His line was: ‘I don’t want to miss out on the opportunity to be in a British team going for the yellow jersey even if that means I’m not going to get a full lead out in the sprint.’ It was difficult listening to him say that, because the nice part of me wanted to stand up and say, ‘Sod it, Cav, we’ll lead you out at those stage finishes. I’ll try and ride for the yellow as well as support you when it comes down to a sprint.’ But the coward in me had to say, ‘Well, you know how this is, we can’t ride for the sprint every day; we had a goal at the start of the Tour and that has to be the priority.’

Throughout the Tour, Cav was keen to feel that he had played his part in trying to have a British Tour winner for the first time. I got the sense that he was feeling a bit self-conscious, that he felt we might all be thinking we could have had someone else in the team instead of him. That’s why he was coming back for bottles on the stages when it wasn’t going to be a sprint, and that’s why on the first day in the Pyrenees he rode on the front most of the way up the climb of the Mur de Péguère – the day of the tacks and the punctures. There was only so much of a role he could play, because he’s restricted in his climbing, but a lot of the time his presence was enough to make a difference. Cav is a larger-than-life
character
, and sometimes in a team the things someone says and does are enough. All through the three and a half weeks, just having him around was a boost: he was brilliant, good at the dinner table, good with the other riders.

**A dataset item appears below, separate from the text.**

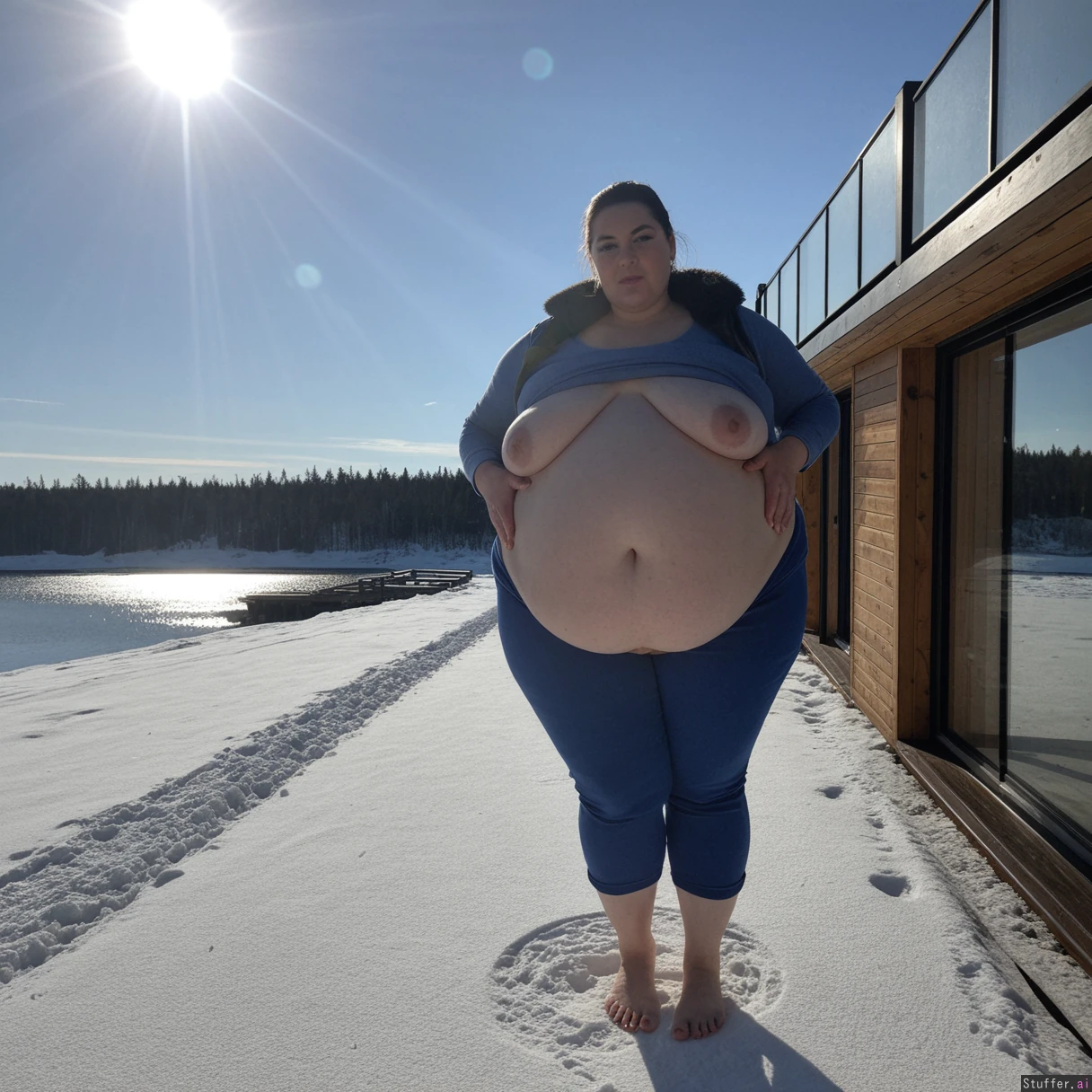 (A vintage portrait of subject walking casually under sun, snow effects, high contrast, cinematic set in Siberia style, emotional intensity), Extremely detailed ,(Middle aged hot milf, hot eyes,big_cheekbones,fat_lips,thick_eyebrows), (small tits,plump,bigass,fat arms, massive fat belly:1.1), ,(, looking desperately at viewer), (cinematic realistic universe:1.4),(feet, fullbody view :1.6), massive wooden modern glass house, fireplace, moody atmosphere, afternoon, lake,( gigantic belly :1.6),(wearing Siberia casual clothing outfit:1.4),(fully clothed:1.4).

There were various flatter stages that Cav had picked out as ones he wanted to win. Bernie was his main helper on those days and Eddie was going to join in; the plan was that between them they were going to try to work off the other teams a bit so that Sky didn’t have to take control for too long and use up too much energy.

Cav understood why we were in that position but that can’t have made it any easier for him. There were some days where it was quite clear he could win the stage but in the team meeting Sean would say, ‘Look, it’s a bit of a day off for us all today; sit there and look after Brad.’ I could see Cav thinking, ‘We just need two guys to ride on the front and we could win this.’ So there were stages when we had to let groups get ahead to contest the victory where Cav might have won it if it had come down to a bunch sprint.

When I felt the most guilty about Cav was the day after he put that work in up Péguère; stage 15 into Pau. At just under 160km it was a short run and it was basically flat, but the break took 60km to get established. Until we let it go, we had some of the hardest racing of the whole Tour; constantly flat-out in one long line, with everyone’s legs screaming. When the break did eventually get away, there was a feeling in the team that we should ride for Cav, out of respect for him and for the rainbow jersey. So we decided to put two guys on the front and start chasing a little; later other teams would be
likely
to join in, most probably Lotto, who would want a bunch sprint for André Greipel. Our two guys had to push quite hard because the gap was five minutes and there were some strong lads in front: Thomas Voeckler, Nicki Sørensen, Christian Vande Velde – my old team leader at Garmin – and Pierrick Fédrigo, who won the stage.